At 45 days, there were no statistically significant differences in primary safety outcome between the two groups (SDD, 2.8% versus non-SDD, 9.3%; P=0.14; Table 3). Major bleeding requiring transfusion occurred in 2.8% (2 of 72) of SDD patients and 7.6% (9 of 118) of non-SDD patients (P=0.21). These include the following: SDD group: 2 gastrointestinal bleeds; non-SDD group: 7 gastrointestinal bleeds, 1 right adductor hematoma (during hospital stay), and 1 groin hematoma (during hospital stay).

At 45 days, ischemic stroke occurred in 0% (0 of 72) of SDD patients and 0.8% (1 of 118) of non-SDD patients (P=1.0). One patient had an ischemic stroke on OAC through 7 days post-procedure (found to have iatrogenic atrial septal defect and lower-extremity proximal deep vein thrombosis). Vascular complications requiring endovascular intervention occurred in 0% (0 of 72) of SDD patients and 0.8% (1 of 118) of non-SDD patients (P=1.0). One patient was readmitted for femoral pseudoaneurysm and arteriovenous fistula requiring endovascular repair.

The 45-day all-cause readmission rate was 8.3% (6 of 72) in the SDD group and 13.6% (16 of 118) in the non-SDD group (P=0.27). In the SDD group, 2 patients were readmitted for gastrointestinal bleed requiring transfusion, 3 cardiac-related (1 heart failure exacerbation and 2 rapid AF hospitalizations), and 1 mechanical fall. Within the non-SDD group, there were 20 readmissions in 16 patients. These included 1 ischemic stroke (as stated in the previous paragraph), 9 gastrointestinal bleeds requiring transfusion, 1 vascular complication requiring endovascular repair, 6 cardiac-related (3 heart failure exacerbations and 3 rapid AF hospitalizations), and 3 noncardiac related (1 pneumonia, 1 transient acute kidney injury, and 1 severe migraine).

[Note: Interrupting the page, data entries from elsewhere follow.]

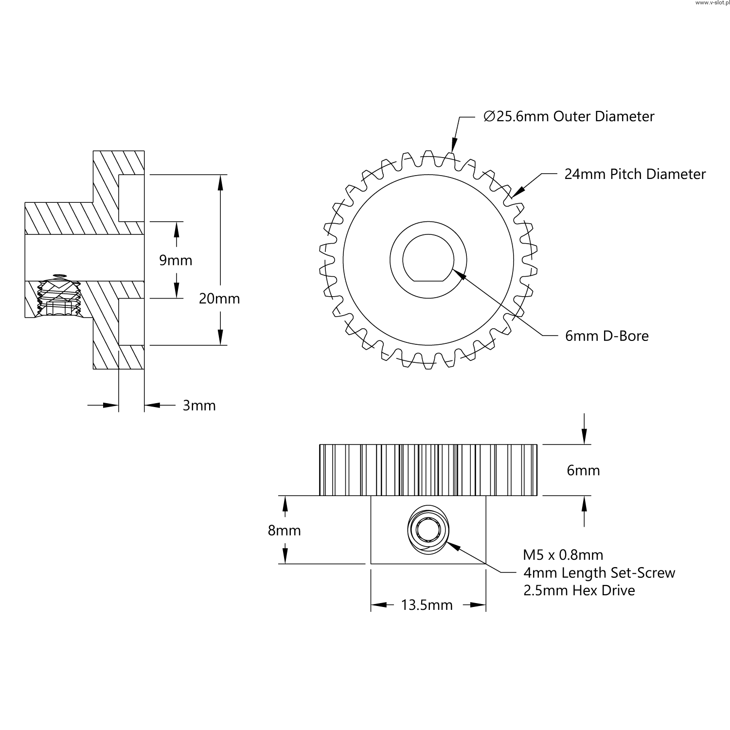 Gear wheel 2303 series ( hole D 6mm, 30 teeth)
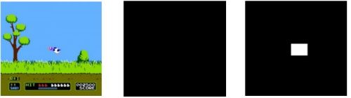 Cuando presionas el gatillo, la pantalla de la televisión se pone negra durante un frame completo y después, en el siguiente frame, el juego pone una pantalla negra pero con un pequeño cuadro blanco en el lugar en el que debería estar el blanco al cual ibas a disparar; todo esto a una velocidad tan alta que pasaba imperceptible al ojo humano. Así que, si estabas jugando el legandario “Duck Hunt“, por ejemplo, la secuencia sería así:
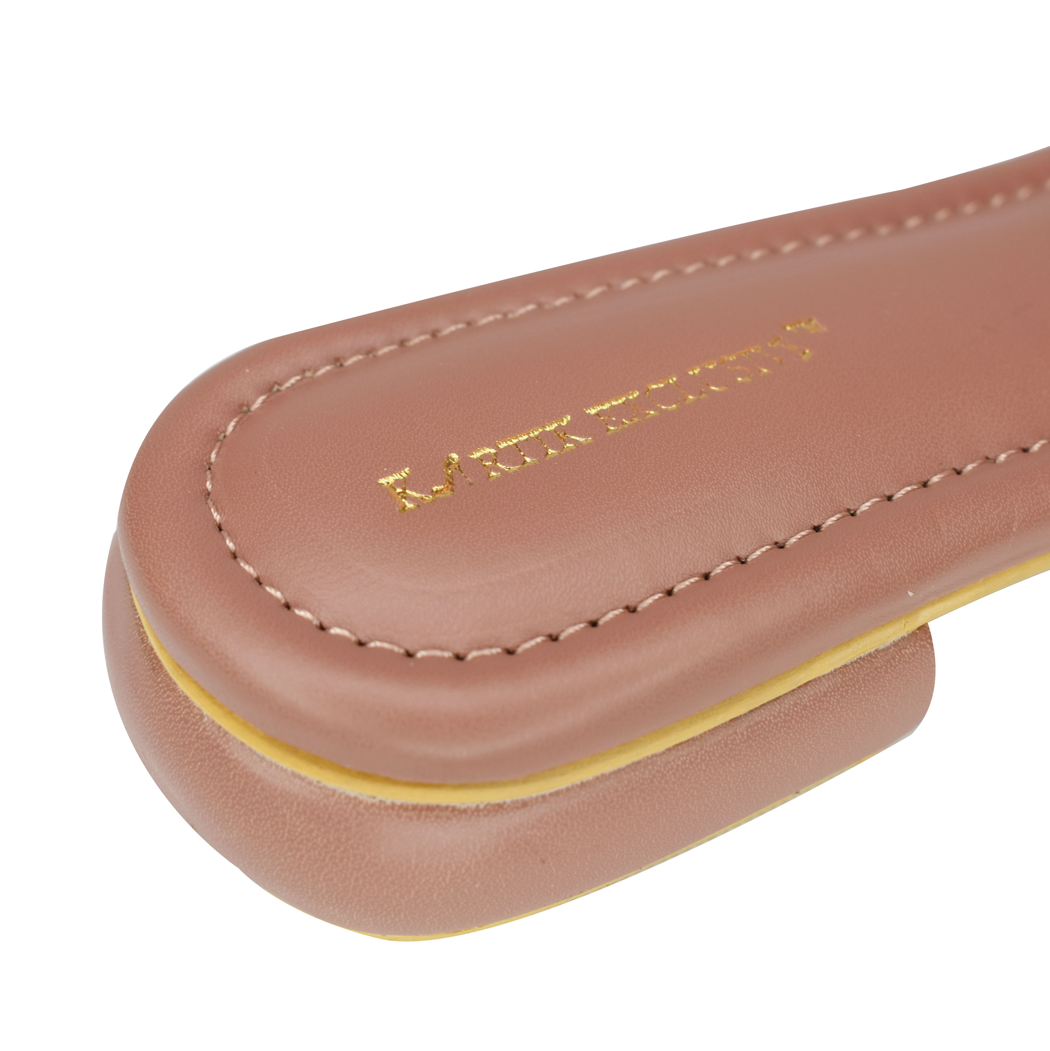 लेदर लेडीज़ ब्राउन गोल्डन चेन ब्लैक फ्लैट सैंडल
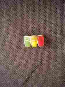 Przypinka jest metalowa, pomalowana na kolory rasta i przedstawia 3 bongosy.
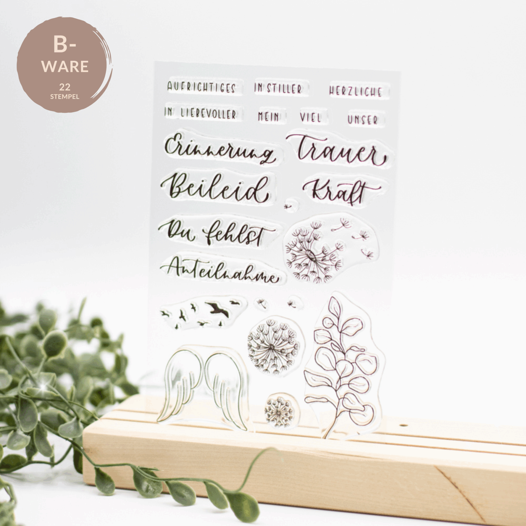 In Momenten des Abschieds sind es oft die kleinen, stillen Gesten, die Trost spenden. Eine handgestempelte Karte, ein liebevolles Wort, ein zarter Zweig – sie sagen: Ich denke an dich. Mit unserem Stempelset Trauer möchten wir dich behutsam dabei unterstützen, persönliche Kondolenzkarten, Erinnerungsstücke und stille Grüße zu gestalten.
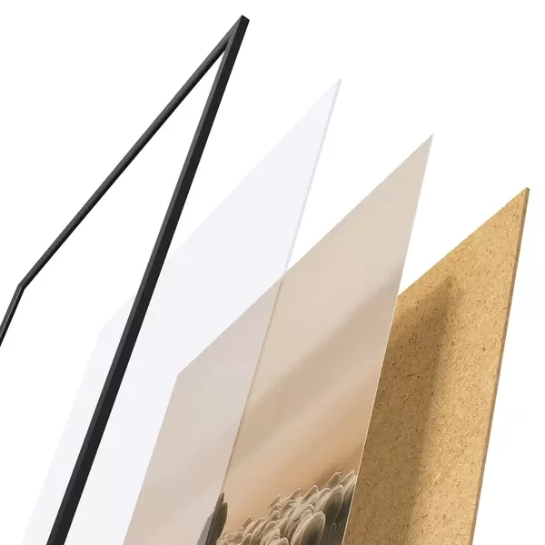 El póster consta de marco, plexiglás, imagen impresa y soporte de aglomerado. El póster puede colgarse inmediatamente en la pared gracias a los soportes de la parte posterior.

TEE at 45 days was performed in 90% (65 of 72) in the SDD group and 97% (114 of 118) in the non-SDD group. There were no differences in peri-device flow >5 mm between the two groups (SDD, 0% versus non-SDD, 0.9%; P=1.0). No patients had device-related thrombus, systemic embolism, or death through 45 days post-procedure.

Discussion

This study demonstrates the potential safety and feasibility of SDD in patients undergoing elective LAAC with the WATCHMAN device in a real-world clinical setting.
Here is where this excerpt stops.